Caste, by Isabel Wilkerson*****

Isabel Wilkerson is the author of the groundbreaking, bestselling Pulitzer winner, The Warmth of Other Suns, and when I read it, I understood that from then forward, I would read anything Wilkerson published. Here it is, and you must read it. You may want to put on a pair of oven mitts when you do, because it is hot enough to scorch your fingertips; Wilkerson doesn’t sugarcoat the truth. My thanks go to Net Galley and Random House for the review copy. It’s been perched in the top ten of every bestseller list since its August release, and you don’t want to miss out on it.

Wilkerson’s thesis is that Black people in the U.S. occupy, and have always occupied, the lowest position within our social and economic ranks; social class is changeable, but caste is fixed. She compares their positions to the Dalit, better known as the Untouchables, the lowest rung of the lowest caste in India, and to Jews during the Holocaust. If this seems like overkill to you, get this book and read it carefully. This writer is relentless when she seeks to prove a point. She documents, documents, and documents again. She turns all the stones, and nothing is left.

Her evidence is organized by eight key commonalities, which she refers to as “Pillars” of caste. These are aspects of society that are unchanging and that define the positions of those born into them. (She recognizes that there are other races in the US that suffer, but places Black people at the bottom of the order, and so this is where her focus is.) The more I read, the more convinced I am. This is not metaphor or hyperbole. These are literal truths, and by the time she is done, I am convinced that the US is guiltier than Germany, because Germany turned it around, whereas the US is still in denial.

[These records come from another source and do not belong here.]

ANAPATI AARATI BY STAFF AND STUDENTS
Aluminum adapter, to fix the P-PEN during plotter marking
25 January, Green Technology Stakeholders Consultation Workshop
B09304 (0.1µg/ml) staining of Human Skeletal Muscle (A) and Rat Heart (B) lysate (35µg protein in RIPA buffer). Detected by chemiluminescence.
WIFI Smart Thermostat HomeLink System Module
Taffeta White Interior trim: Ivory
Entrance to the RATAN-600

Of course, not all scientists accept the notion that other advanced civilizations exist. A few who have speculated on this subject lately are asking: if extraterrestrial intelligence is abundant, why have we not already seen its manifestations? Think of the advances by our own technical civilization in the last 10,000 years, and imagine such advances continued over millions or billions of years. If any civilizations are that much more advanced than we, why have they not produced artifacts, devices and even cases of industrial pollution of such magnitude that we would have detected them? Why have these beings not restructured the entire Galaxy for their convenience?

The Warmth of Other Suns is absorbing and easy to read, its style near to narrative nonfiction. In contrast, Caste is brutally frank. Though Wilkerson salts her narrative with relatively minor personal vignettes, they don’t make it easier to read; if anything, they make it hurt worse. (The airline attendant that does his level best to send her to the back of the plane, even though she has a first class ticket; the plumber that assumes she is hired help rather than the homeowner; the man attending the conference at which she is to speak that asks her to freshen his drink…)

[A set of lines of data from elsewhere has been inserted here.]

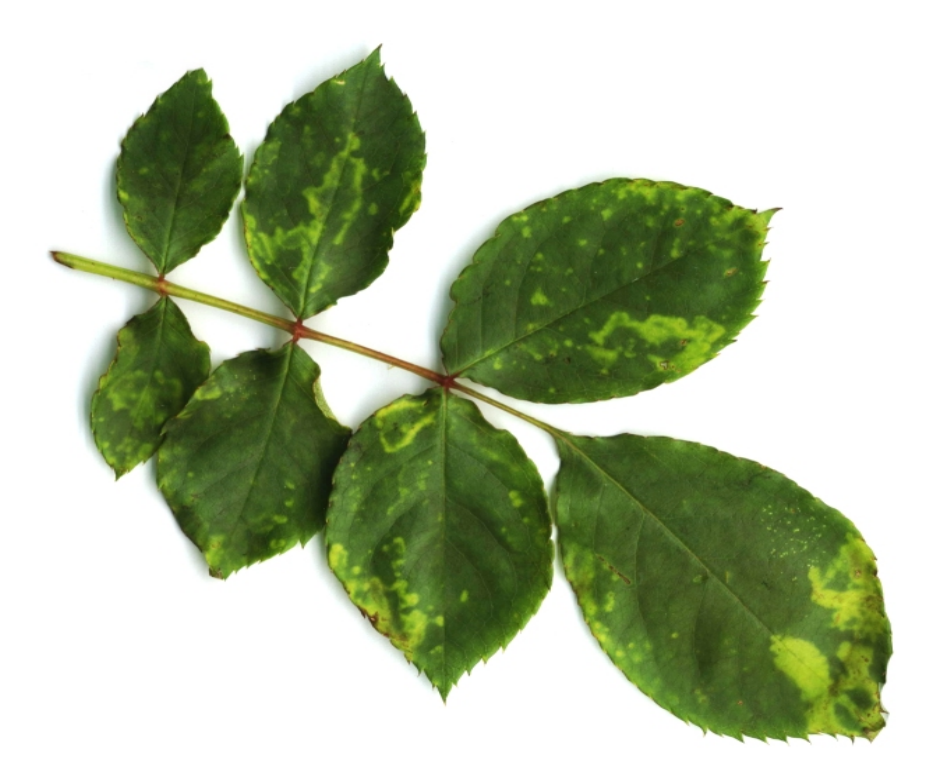
Fig 1. Chlorotic ringspots and line patterns are symptoms of Rose Mosaic Virus Complex.

The moderate temperatures and overcast days are great for the development of virus symptoms. Plant viruses manifest themselves with chlorotic spots, streaks, ringspots, mosaic and mottling. (Fig 1). In some cases, necrotic spots may be observed. We offer many tests for plant viruses, but tests have not been developed for all of them. In the past few weeks, we have received samples with the following plant viruses.
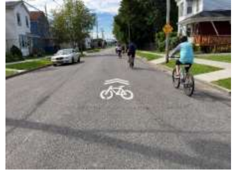
Shared-lane markings on a residential street in Utica
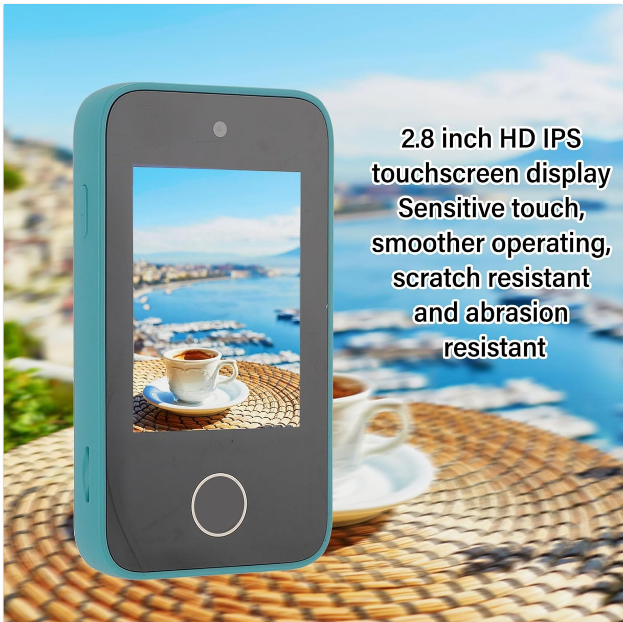
Image: The Sanpyl Digital Camera showcasing its 2.8-inch HD IPS touchscreen display with a scenic view, emphasizing its sensitive touch and scratch-resistant features.

I find this material so painful that I realize I am avoiding my review copy in favor of gentler reads, and then I know I have to step it up. This is too important; there’s been too much rug-sweeping in this nation already, and we won’t change if we don’t recognize the reality in which we live. I resolve to read one chapter a day. One chapter, and then I can move to more congenial literature. By the time I reach the end notes, I feel as if I have witnessed a natural disaster, a typhoon perhaps, or an immense, life-ruining earthquake. I’ve never run from books about race in the United States, but having the truth condensed and presented as it is here has to change the way we think. African-American readers likely won’t be much surprised, and many may feel vindicated in the resentments that have built over the years. But I cannot imagine anyone reading this book and then forgetting what’s in it.

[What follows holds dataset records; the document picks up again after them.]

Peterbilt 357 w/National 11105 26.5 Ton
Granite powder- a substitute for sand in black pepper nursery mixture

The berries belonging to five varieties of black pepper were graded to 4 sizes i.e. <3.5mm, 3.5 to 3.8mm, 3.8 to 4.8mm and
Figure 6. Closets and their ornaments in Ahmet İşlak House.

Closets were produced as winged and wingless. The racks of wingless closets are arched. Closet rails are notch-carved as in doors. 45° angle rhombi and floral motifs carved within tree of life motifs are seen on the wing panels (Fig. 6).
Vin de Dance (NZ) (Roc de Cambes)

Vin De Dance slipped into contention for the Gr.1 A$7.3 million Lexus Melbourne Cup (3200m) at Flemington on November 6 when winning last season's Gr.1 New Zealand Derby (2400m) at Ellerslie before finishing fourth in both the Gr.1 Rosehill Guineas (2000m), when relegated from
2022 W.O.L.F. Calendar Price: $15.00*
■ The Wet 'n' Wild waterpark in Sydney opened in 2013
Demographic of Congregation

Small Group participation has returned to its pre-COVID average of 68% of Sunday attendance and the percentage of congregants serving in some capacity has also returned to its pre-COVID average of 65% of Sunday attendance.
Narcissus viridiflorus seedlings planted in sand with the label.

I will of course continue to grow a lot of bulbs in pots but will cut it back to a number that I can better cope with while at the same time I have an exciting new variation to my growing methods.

Black lives matter, my friends. They matter just as much as anyone else’s. If you are more concerned about broken windows than about generation after generation of Americans whose potential has been stunted and whose contributions have been minimized, then you need this book. If you know that what’s been happening to men and women of color in the USA is dead wrong but you have difficulty forming cogent arguments when you talk with others, you need this book. If you speak and read English and you have a pulse, you need this book. What more does it take?  Information is the root of social change. Here it is.